The first gadget I purchased was this bad boy, the Dylos DC1100 Pro:
If I could have just one device for measuring air quality, this… Well, this would not be it. It does not measure CO2. It does not measure humidity. It does not measure temperature. It does not have a Web server or a wireless card or indeed any connectivity whatsoever. It does not have a battery. It does not even measure the same thing government agencies use for their air quality indices.
What it does do is provide a high-quality laser particle count. And hey, do you really need a Web server to count particles?
Two things sold me.
First, this 2007 discussion on hvac-talk.com. (Did you know there is an “hvac-talk.com”? Because of course there is.)
The discussion goes like this:
Person A: “Anyone know anything about this new inexpensive particle counter?”
Person B: (standing up to hide butt crack) “Ya get what ya pay for is all I’m sayin'”
Person C: “Hi, I am the engineer who designed the DC1100…” (proceeds to tear Person B a second butt crack)
That was when I placed my order. OK, so technically just one thing sold me.
Some brief history. Prior to 2007, a decent particle counter cost thousands of dollars, and a cleanroom-quality counter ran $10K or more. Then this little company came out with this device, and various labs started comparing it to their research-grade equipment, and found… Hey, it works pretty well for a sub-$300 gadget. Many amateurs use the Dylos as their “trusty” golden reference.
I became further sold while browsing the Dylos site. For example:
I feel like I know these guys… They are old-school ninja EEs. If you ever met a real monster Electrical Engineer, you know what I am talking about. Give one a soldering iron1 and some coffee, come back later, and you are guaranteed to see something amazing. Just don’t touch it.

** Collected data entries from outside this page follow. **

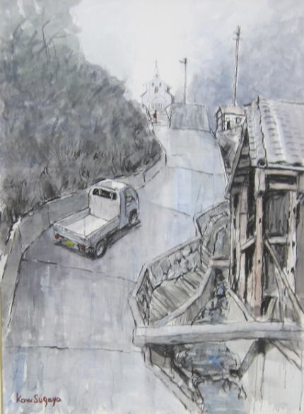坂道と崩れた家(五島列島)(2023年 新槐樹社展)
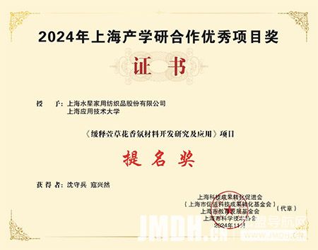 由水星家纺与上海应用技术大学合作的项目《缓释萱草花香氛材料开发研究》获得2024年“上海产学研合作优秀项目奖”提名奖,项目合作的模式及成效受到上海科技成果转化促进会、上海市教育发展基金会、上海市科学技术协会的充分肯定。
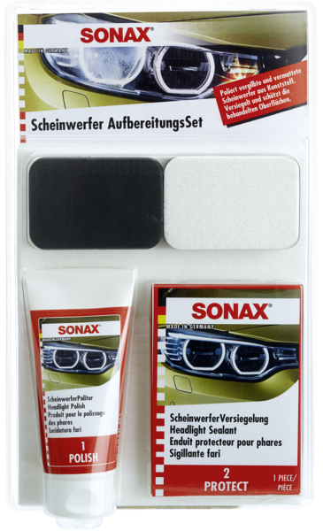 Ajovaloumpioiden kirkastussarja. Mattaantuneiden ja kellastuneiden umpioiden hiontaan ja puhdistukseen. Kirkastaa umpiot parantaen näkyvyyttä.Pakkaus sisältää: 75 ml SONAX Headlight Polish Hionta-aine, 2 SONAX Headlight Sealant Cloths Pinnoiteliinaa, 2 Kiillotussientä, 4 Vesihiomaruusuketta P5000, 4 Kiillotusliinaa.
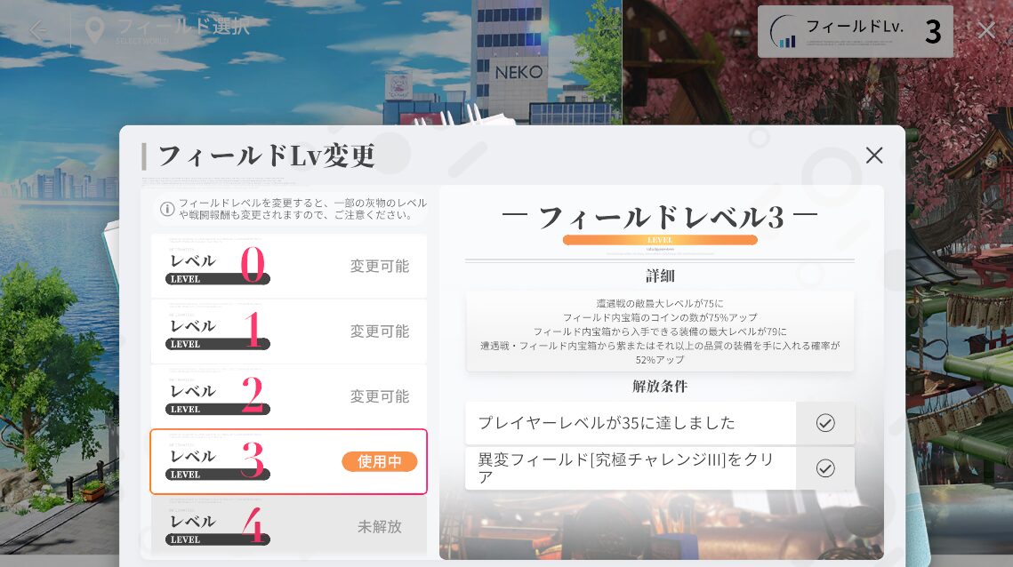 プレイヤーレベルの経験値はスタミナ消費で得られますが(生産のCPではない)、フィールド探索(オーバーフィールドと、その中の異変フィールドなど)を進めることでも上昇できるので、深淵に本格的に挑む前に探索はコンプリートしておきたい。
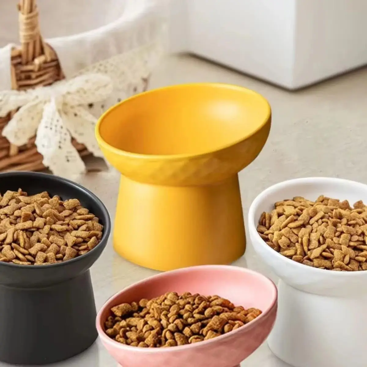 Cuencos elevados de cerámica para gatos, cuencos de comida para gatos para el cuello, soporte cómodo, alimentador elevado, solución de comedor para mascotas para gatos de interior
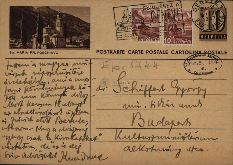 Zürichbe sikerült cseremeghívást kieszközölnie a zürichi Tonhalle Orchesterrel; sikeresen menedzselte a magyar zenészeket, ami jelenleg nem könnyű. Felkereste Hubayt szállás ügyében. Megemlíti a drágaságot.
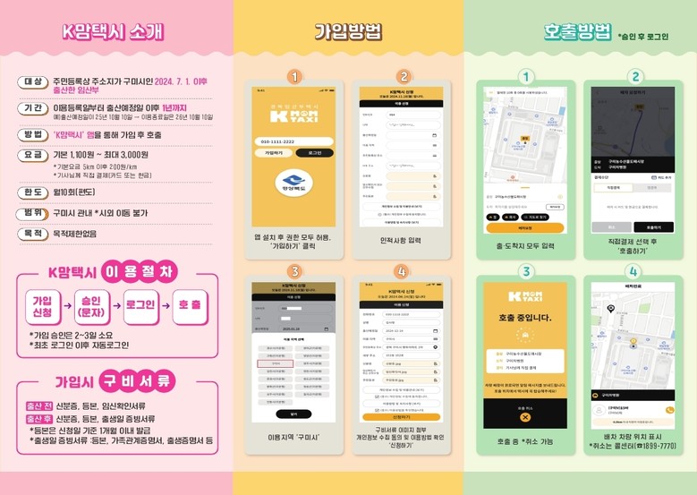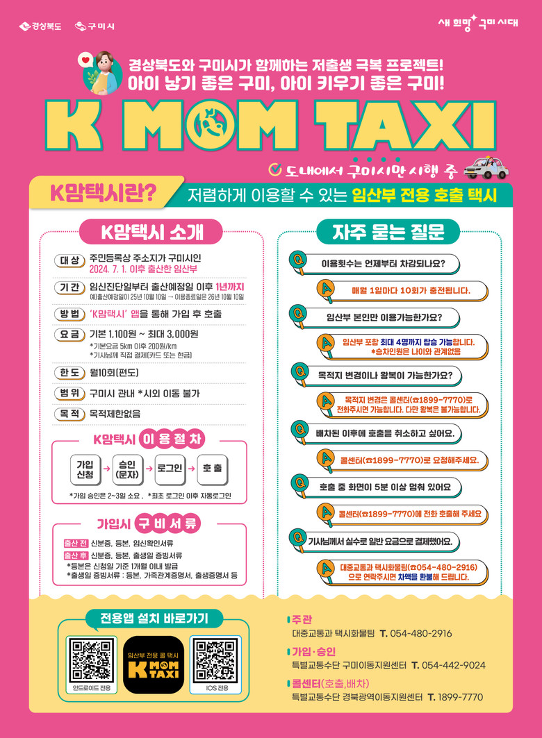 ‘K맘택시’는 경상북도 내에서 구미시가 단독으로 운영 중인 임산부 전용 교통 서비스다. 임산부는 1,100원에서 최대 3,000원만 내면 구미시 전역을 이동할 수 있으며, 월 10회까지 목적에 관계없이 자유롭게 호출 가능하다.

I wanted to make mine portable, so I bought an XTPower MP-10000 external battery pack. Works great.
If you want to pull samples from the device, for a modest extra charge Dylos will provide an RS-232 serial output. If you do not know what that is, or even if you do, I do not recommend it, because there are other devices you should buy in addition. All right, all right, “instead”. A topic for a later installment.
The sole difference between the Pro and non-Pro versions is that the former is calibrated to see particles down to 0.5 microns, while the latter “only” sees down to 1 micron.
I will close by mentioning this device’s relevant limitations.
- It sees water vapor as particles, so the measurements vary based on humidity.
- It only provides a count of particles, while all of the “standard” air quality metrics are based on particle mass, not particle count. This is not as bad as it sounds for two reasons. First, the use of particle mass was an arbitrary choice based on research in the 1950s; more recent research suggests some negative effects are better correlated with particle count anyway. Second, if your ensemble of pollution sources is fairly stable, particle masses and counts are well-correlated to each other.
- It does not “see” ultrafine particles. But neither does anything else at any sane price point, for now.
Bottom line: While this is not the only device I would want to own, I am glad to have it.